- _Action item_
Below are some entries. Return exactly the lines from the one with "Desde la colaboración" through the final line, leaving out any pictures.

- _Extracted information_
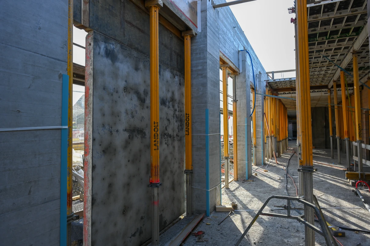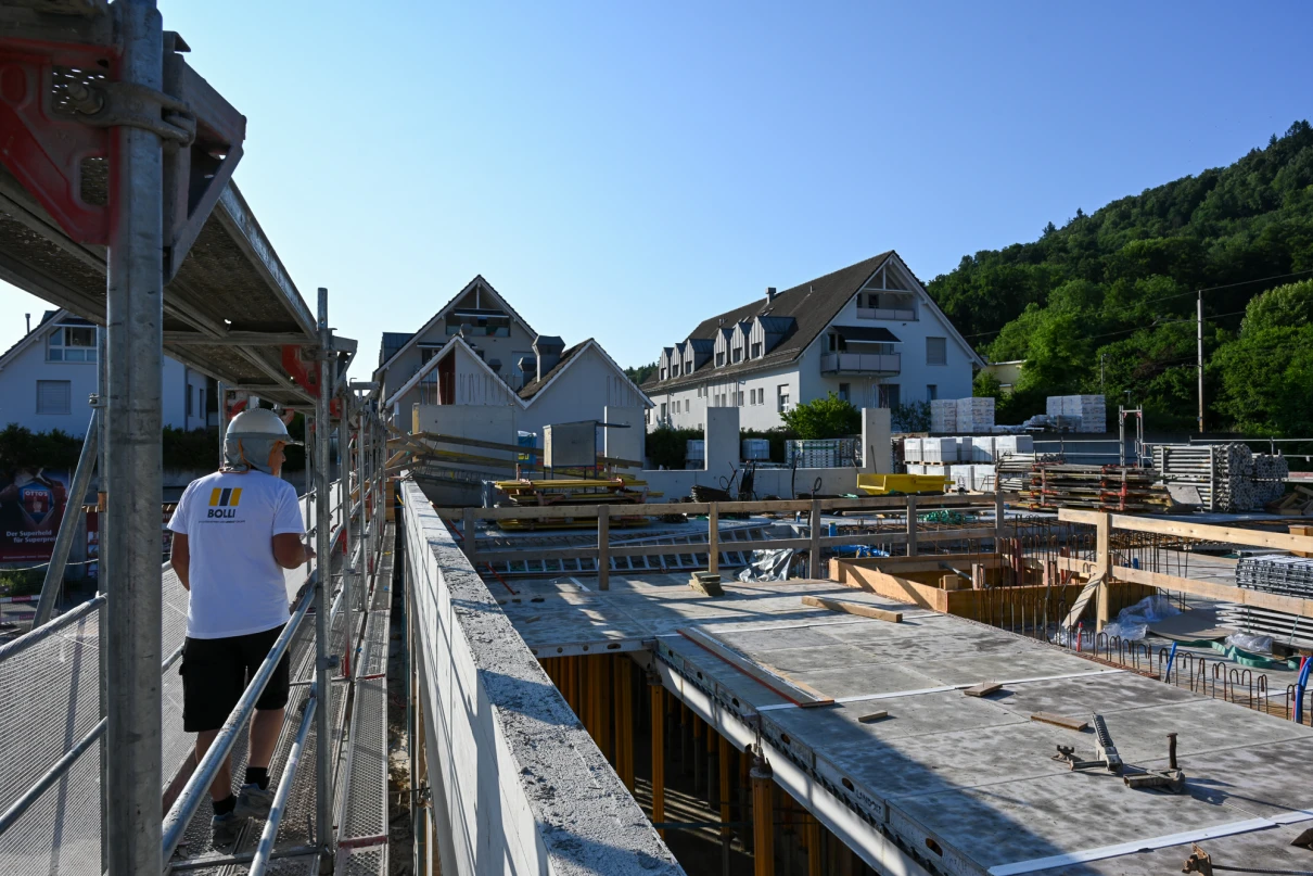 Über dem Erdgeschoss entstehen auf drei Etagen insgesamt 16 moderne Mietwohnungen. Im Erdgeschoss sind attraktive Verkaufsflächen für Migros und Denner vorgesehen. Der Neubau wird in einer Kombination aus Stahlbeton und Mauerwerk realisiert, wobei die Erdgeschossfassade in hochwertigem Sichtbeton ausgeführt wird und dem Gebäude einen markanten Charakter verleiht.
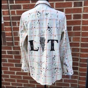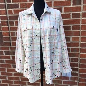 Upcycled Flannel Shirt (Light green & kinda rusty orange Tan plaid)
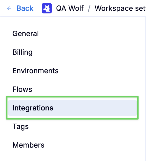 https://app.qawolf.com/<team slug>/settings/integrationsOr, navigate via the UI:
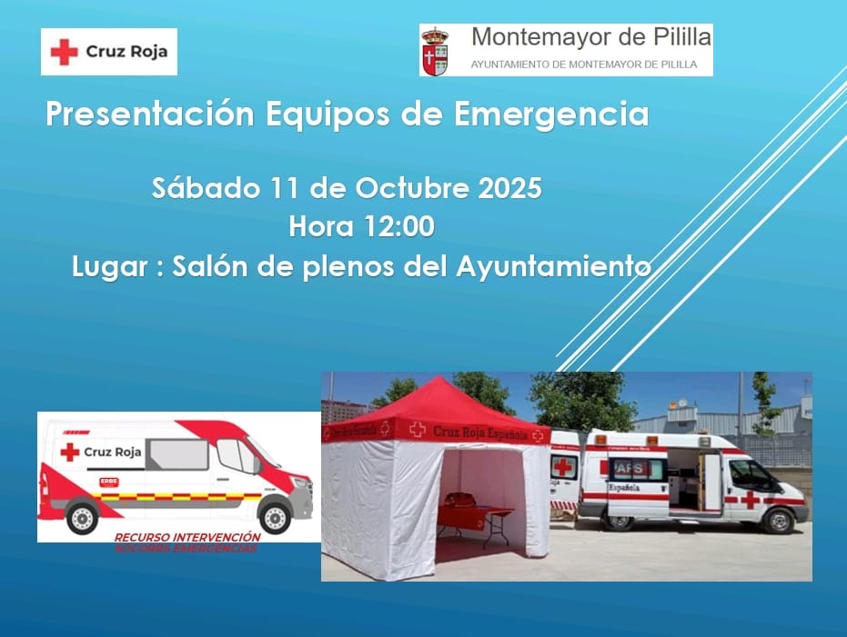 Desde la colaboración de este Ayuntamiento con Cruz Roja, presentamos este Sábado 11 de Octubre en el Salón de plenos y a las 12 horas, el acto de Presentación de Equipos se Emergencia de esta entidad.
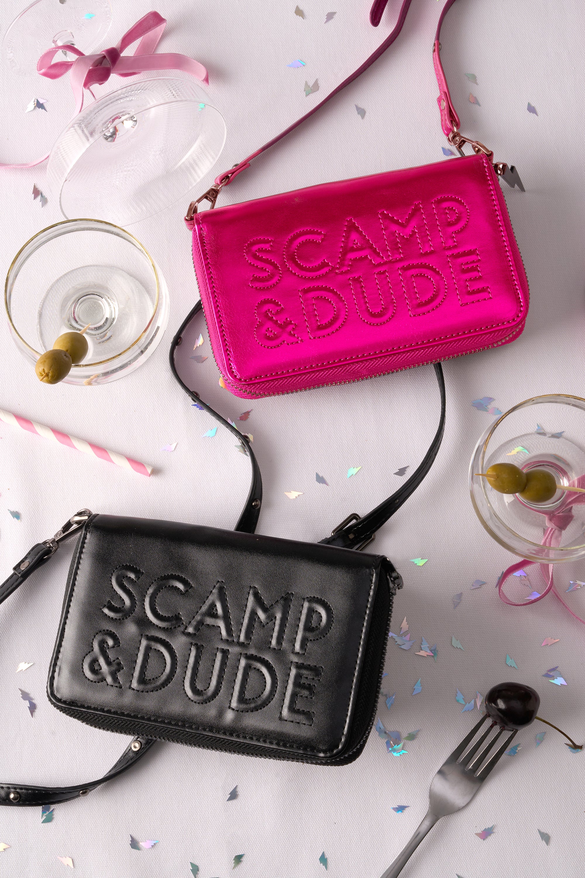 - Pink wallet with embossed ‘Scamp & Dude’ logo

- _Expected answer_
 Desde la colaboración de este Ayuntamiento con Cruz Roja, presentamos este Sábado 11 de Octubre en el Salón de plenos y a las 12 horas, el acto de Presentación de Equipos se Emergencia de esta entidad.
 - Pink wallet with embossed ‘Scamp & Dude’ logo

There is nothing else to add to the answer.